The records that follow are to be repeated exactly, with the pictures removed.

Source data:
------------------------------
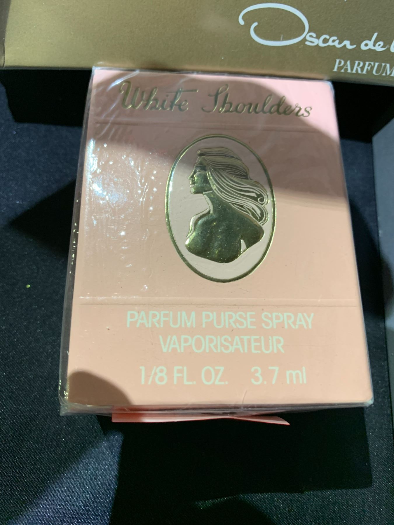 *NEW* OSCAR DE LA RENTA 4PC GIFT BOX, *NEW* WHITE SHOULDERS PARFUM PURSE SPRAY & MIKASA CRYSTAL JEWELRY
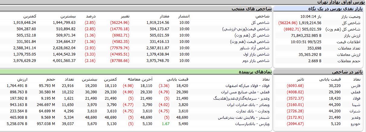 به گزارش خبرنگار ایبِنا، در معاملات روز جاری تالار شیشه ای «تا لحظه تنظیم خبر» شاخص بورس با ۵۶۲۲۴ واحد سقوط در کانال یک میلیون و ۹۰۰ هزار واحدی قرار گرفت و به یک میلیون و ۹۱۹ هزار و ۲۱۴ واحد رسید.
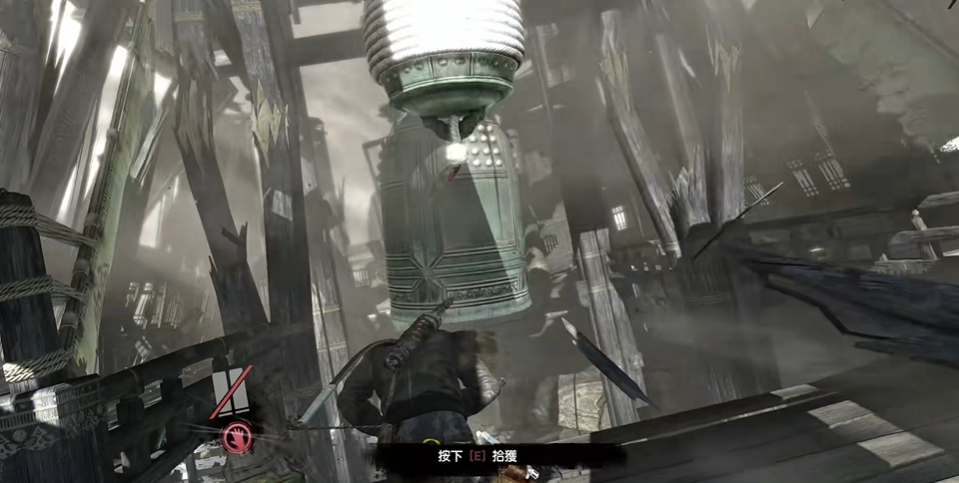 峡谷寺院的大钟谜题是游戏中的一个关键解谜环节。这个谜题需要玩家利用环境中的风力机制和钟摆的物理特性来破坏支撑结构,最终让大钟掉落砸穿地面。首先进入峡谷寺院后,会看到场景中央悬挂着一个大钟,两侧各有一扇可以开关的窗户。玩家需要先使用曲柄机关打开其中一扇窗户,让强风吹动钟摆。按鼠标滚轮键发射绳索箭,将钟摆拉向风口方向,借助风力让钟摆撞击支撑大钟的木柱。撞击力度不足时,可以反复拉动绳索增加摆幅。
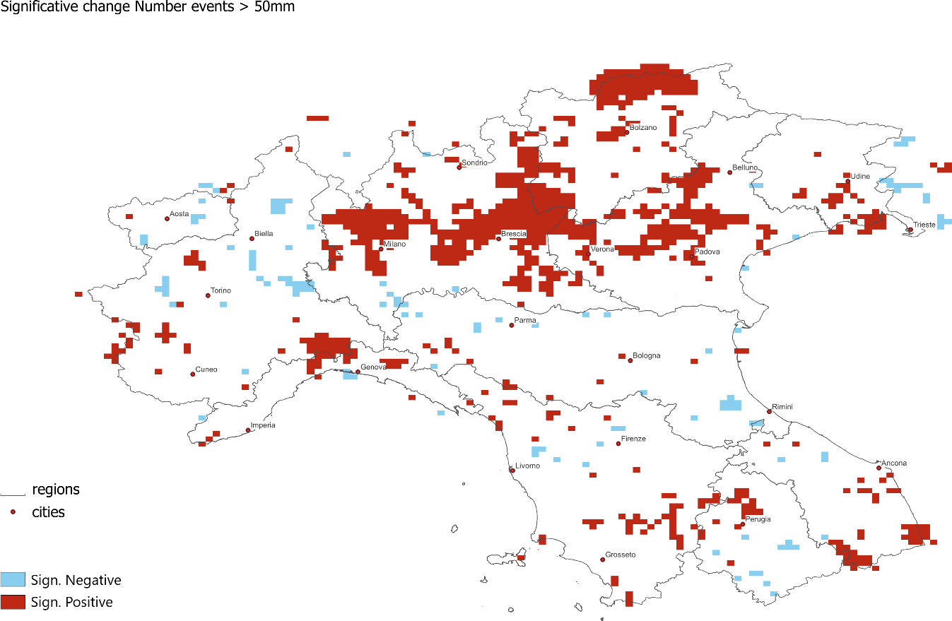 The map in Fig. 9 illustrates the yearly number of daily events greater than 50 mm significant positive or negative trends for each pixel. As already highlighted for the trends of the annual absolute maximums, it is noted that the pixels subject to a frequency decrease are isolated and never show spatially coherent aggregations. On the contrary, the pixels subject to frequency increase tend to predominate in some spatially coherent hotspots mainly affecting Lombardia, Veneto and Alto Adige.
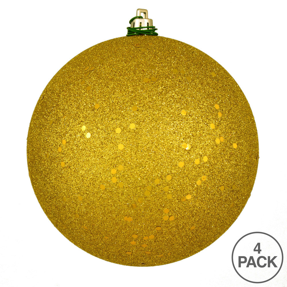 Vickerman 6" Medallion Gold Sequin Ball Ornament 4 per Bag
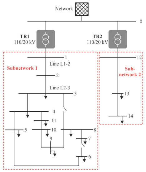 The MV benchmark distribution grid simulated is a modified version of the CIGRE MV benchmark distribution grid [36]. This network is fed by a transmission network via 2 110/20 kV transformers with a rated power of 25 MVA and is shown in Figure 5. We assume that the DC link connected between the nodes 8 and 14 in the original benchmark is open and the network therefore operates radially.
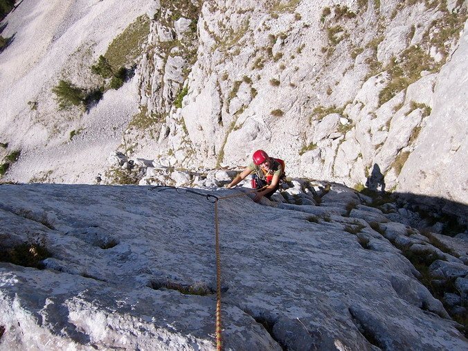 Die Tour ist mit Ausnahme der 2. (leichten) SL ausreichend mit BH und SU-Schlingen abgesichert. In der 3. SL unbedingt die ersten beiden Haken verlängern, ansonsten starke Seilreibung!
------------------------------
● Task output:
 *NEW* OSCAR DE LA RENTA 4PC GIFT BOX, *NEW* WHITE SHOULDERS PARFUM PURSE SPRAY & MIKASA CRYSTAL JEWELRY
 به گزارش خبرنگار ایبِنا، در معاملات روز جاری تالار شیشه ای «تا لحظه تنظیم خبر» شاخص بورس با ۵۶۲۲۴ واحد سقوط در کانال یک میلیون و ۹۰۰ هزار واحدی قرار گرفت و به یک میلیون و ۹۱۹ هزار و ۲۱۴ واحد رسید.
 峡谷寺院的大钟谜题是游戏中的一个关键解谜环节。这个谜题需要玩家利用环境中的风力机制和钟摆的物理特性来破坏支撑结构,最终让大钟掉落砸穿地面。首先进入峡谷寺院后,会看到场景中央悬挂着一个大钟,两侧各有一扇可以开关的窗户。玩家需要先使用曲柄机关打开其中一扇窗户,让强风吹动钟摆。按鼠标滚轮键发射绳索箭,将钟摆拉向风口方向,借助风力让钟摆撞击支撑大钟的木柱。撞击力度不足时,可以反复拉动绳索增加摆幅。
 The map in Fig. 9 illustrates the yearly number of daily events greater than 50 mm significant positive or negative trends for each pixel. As already highlighted for the trends of the annual absolute maximums, it is noted that the pixels subject to a frequency decrease are isolated and never show spatially coherent aggregations. On the contrary, the pixels subject to frequency increase tend to predominate in some spatially coherent hotspots mainly affecting Lombardia, Veneto and Alto Adige.
 Vickerman 6" Medallion Gold Sequin Ball Ornament 4 per Bag
 The MV benchmark distribution grid simulated is a modified version of the CIGRE MV benchmark distribution grid [36]. This network is fed by a transmission network via 2 110/20 kV transformers with a rated power of 25 MVA and is shown in Figure 5. We assume that the DC link connected between the nodes 8 and 14 in the original benchmark is open and the network therefore operates radially.
 Die Tour ist mit Ausnahme der 2. (leichten) SL ausreichend mit BH und SU-Schlingen abgesichert. In der 3. SL unbedingt die ersten beiden Haken verlängern, ansonsten starke Seilreibung!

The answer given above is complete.